─── Materials provided

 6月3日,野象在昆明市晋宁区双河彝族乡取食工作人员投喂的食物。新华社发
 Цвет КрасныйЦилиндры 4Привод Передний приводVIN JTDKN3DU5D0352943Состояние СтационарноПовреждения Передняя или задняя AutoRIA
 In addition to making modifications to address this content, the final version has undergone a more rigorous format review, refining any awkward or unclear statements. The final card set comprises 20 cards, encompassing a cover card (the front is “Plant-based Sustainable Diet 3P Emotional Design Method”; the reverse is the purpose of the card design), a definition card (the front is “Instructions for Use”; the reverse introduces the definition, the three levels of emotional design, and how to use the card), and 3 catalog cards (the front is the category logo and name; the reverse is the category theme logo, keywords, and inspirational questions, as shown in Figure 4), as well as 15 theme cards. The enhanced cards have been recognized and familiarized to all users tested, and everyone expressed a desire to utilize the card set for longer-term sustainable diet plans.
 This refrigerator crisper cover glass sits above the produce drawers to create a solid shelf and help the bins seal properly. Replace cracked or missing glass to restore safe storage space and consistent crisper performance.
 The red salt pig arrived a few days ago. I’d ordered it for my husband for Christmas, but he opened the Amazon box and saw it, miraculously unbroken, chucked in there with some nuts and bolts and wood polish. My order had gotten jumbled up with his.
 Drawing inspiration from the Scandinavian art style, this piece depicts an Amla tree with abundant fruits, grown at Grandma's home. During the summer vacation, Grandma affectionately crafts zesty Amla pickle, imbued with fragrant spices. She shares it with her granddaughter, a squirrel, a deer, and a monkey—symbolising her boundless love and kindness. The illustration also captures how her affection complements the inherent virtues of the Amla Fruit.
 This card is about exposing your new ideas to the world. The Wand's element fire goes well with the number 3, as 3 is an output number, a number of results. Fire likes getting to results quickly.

──────
─── Materials provided

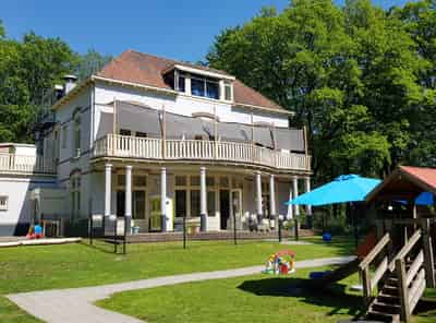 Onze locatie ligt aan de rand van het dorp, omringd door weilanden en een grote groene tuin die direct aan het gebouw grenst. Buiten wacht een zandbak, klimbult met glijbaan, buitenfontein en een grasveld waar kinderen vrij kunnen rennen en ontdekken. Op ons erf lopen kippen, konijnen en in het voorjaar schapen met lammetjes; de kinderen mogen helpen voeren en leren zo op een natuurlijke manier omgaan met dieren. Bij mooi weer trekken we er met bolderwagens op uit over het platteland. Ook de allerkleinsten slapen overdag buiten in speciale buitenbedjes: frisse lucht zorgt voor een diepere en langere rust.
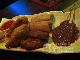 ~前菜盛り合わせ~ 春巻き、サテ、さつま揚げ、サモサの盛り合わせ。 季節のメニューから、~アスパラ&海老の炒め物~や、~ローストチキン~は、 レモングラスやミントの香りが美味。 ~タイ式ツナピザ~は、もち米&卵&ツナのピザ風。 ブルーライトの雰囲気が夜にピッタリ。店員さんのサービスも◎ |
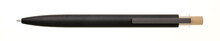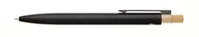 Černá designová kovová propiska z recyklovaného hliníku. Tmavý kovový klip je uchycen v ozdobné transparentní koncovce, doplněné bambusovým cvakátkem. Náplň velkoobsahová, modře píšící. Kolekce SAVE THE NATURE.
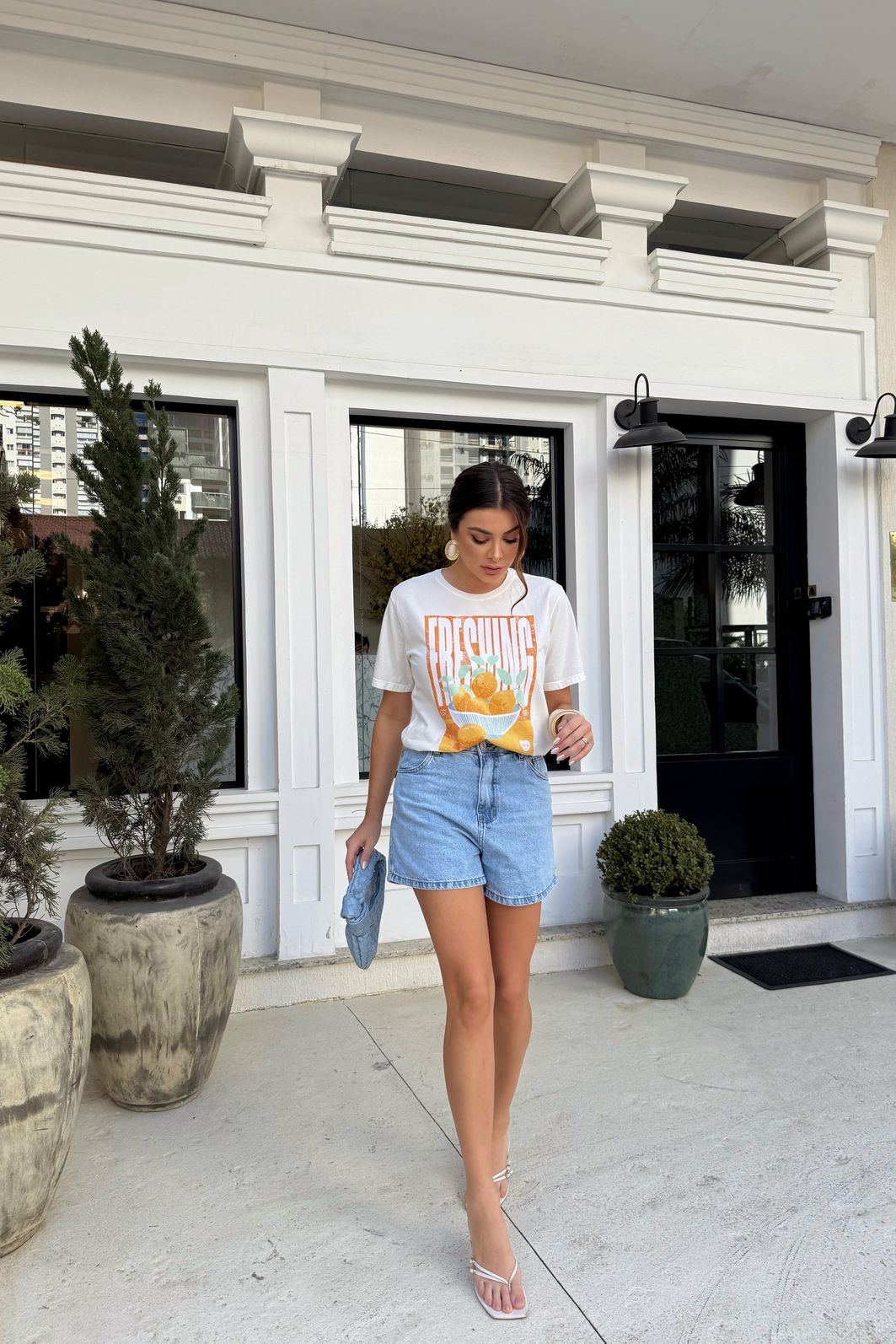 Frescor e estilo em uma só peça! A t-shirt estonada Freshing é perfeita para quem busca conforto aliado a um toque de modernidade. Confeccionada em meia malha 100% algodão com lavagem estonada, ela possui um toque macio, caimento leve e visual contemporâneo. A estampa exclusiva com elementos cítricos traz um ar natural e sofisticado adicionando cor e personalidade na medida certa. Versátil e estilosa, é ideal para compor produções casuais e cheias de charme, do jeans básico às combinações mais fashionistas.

──────

▸ **About this task**
Find "6月3日,野象在昆明市晋宁区双河彝族乡取食工作人员投喂的食物。新华社发" in the entries above and copy that whole line exactly, then each line after it through the line that contains "This refrigerator crisper".

▸ **Answer to this task**
 6月3日,野象在昆明市晋宁区双河彝族乡取食工作人员投喂的食物。新华社发
 Цвет КрасныйЦилиндры 4Привод Передний приводVIN JTDKN3DU5D0352943Состояние СтационарноПовреждения Передняя или задняя AutoRIA
 In addition to making modifications to address this content, the final version has undergone a more rigorous format review, refining any awkward or unclear statements. The final card set comprises 20 cards, encompassing a cover card (the front is “Plant-based Sustainable Diet 3P Emotional Design Method”; the reverse is the purpose of the card design), a definition card (the front is “Instructions for Use”; the reverse introduces the definition, the three levels of emotional design, and how to use the card), and 3 catalog cards (the front is the category logo and name; the reverse is the category theme logo, keywords, and inspirational questions, as shown in Figure 4), as well as 15 theme cards. The enhanced cards have been recognized and familiarized to all users tested, and everyone expressed a desire to utilize the card set for longer-term sustainable diet plans.
 This refrigerator crisper cover glass sits above the produce drawers to create a solid shelf and help the bins seal properly. Replace cracked or missing glass to restore safe storage space and consistent crisper performance.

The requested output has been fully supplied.